Our specs are based on science, not just ...oh...he says so, so we should write that too! 

The MW-D gun was discontinued by the new owners of the factory that made it. 
We tried to buy the rights &, molds, but they were not interested in speaking with us. 

Again we went to our other gun supplier and found out they make a 500 watt model using the same carcass as the MW-P. 
That was a happy coincidence. 
We started bringing in the new D and are very pleased with the results. 









I am sure you will be too. 


AFXtreme Exterior DMX Lighting 

We brought 2 of the new Outdoor AFXTreme Lights to the show, and you loved them. 
Playing with them at the end of each day, we were able to demonstrate how incredible these lights truly are. 

The 180 watt model - AFXTreme DMX-O45 - completely blew away the product specifications. 
The 54 3 watt 45 degree LEDs in the hardened glass face and aluminum chassis perform remarkably. 

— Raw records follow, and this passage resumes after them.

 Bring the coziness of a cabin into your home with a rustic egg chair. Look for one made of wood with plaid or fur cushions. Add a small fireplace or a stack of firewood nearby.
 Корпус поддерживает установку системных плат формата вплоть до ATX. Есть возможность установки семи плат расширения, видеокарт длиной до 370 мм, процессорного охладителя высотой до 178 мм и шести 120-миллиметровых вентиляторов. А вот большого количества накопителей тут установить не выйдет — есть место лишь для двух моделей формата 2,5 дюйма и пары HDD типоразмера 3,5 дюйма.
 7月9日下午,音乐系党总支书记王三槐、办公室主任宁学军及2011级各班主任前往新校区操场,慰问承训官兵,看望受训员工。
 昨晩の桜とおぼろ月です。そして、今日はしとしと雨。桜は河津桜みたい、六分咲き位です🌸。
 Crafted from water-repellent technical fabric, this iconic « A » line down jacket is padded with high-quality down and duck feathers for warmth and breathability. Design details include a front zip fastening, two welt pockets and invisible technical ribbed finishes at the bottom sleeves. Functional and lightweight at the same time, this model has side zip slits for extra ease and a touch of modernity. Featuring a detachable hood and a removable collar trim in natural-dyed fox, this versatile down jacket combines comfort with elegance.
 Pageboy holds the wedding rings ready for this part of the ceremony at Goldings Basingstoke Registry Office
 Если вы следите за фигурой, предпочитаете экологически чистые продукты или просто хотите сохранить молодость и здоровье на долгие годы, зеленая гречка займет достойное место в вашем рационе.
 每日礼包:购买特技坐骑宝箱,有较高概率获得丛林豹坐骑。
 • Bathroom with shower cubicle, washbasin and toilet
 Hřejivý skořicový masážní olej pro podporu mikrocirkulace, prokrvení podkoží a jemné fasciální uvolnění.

It is supposed to light up 150-180 ft distance but it easily lit up 300' distance with rich color. 
With the waterproof connections, 10 channel DMX control with programmable and auto modes, the push button interface control and the brightness there is nothing around that compares to the straight up quality and flexibility of this monster. 

Perfect for flexible lighting of facades, features, distant focal points, tall architecture, high elevation signage, or to sweep the walls. 

The 45 watt AFXTreme DMX-OW61 is just as impressive. 

Like the other outdoor ready IP65 fixtures in the AXFTreme line, it is constructed of hardened glass and powder coated aluminum chassis. 

The 36 1 watt 45 degree LEDs completely fooled us. 
The specs stated 20 meter range (roughly 65 ft) but it was lighting up the walls at 120' no problem. 
Couple this with the outstanding beam width, for a stunning compact wash fixture. 

The push button waterproof DMX controls will run 6 channels, and the built in functions including sound activated. 

This fixture is standard in a 45 degree wash, and available in 25 and 65 degree formats. 
It is perfect for washing walls and towers, feature lighting, underlighting or overhang lighting, accent lighting or full scene lighting. 

We have a number of other outdoor lights including 39" wall washers, ParCans, Barndoor units and RGBWYs to fill every possible outdoor lighting challenge you may come across. 

If you need indoors lighting, effects and controls needs, we have those too, just call or email to discuss your needs. 

Show Sale pricing will end 4/1/2012. 
DO NOT WAIT or you will miss the years best pricing. 

Read the FAQ here. 


If you require multiple cases please call us for wholesale or distributor pricing at 973 842 8687 
We will be limiting our production runs, if you need large quantities, this is your only opportunity. 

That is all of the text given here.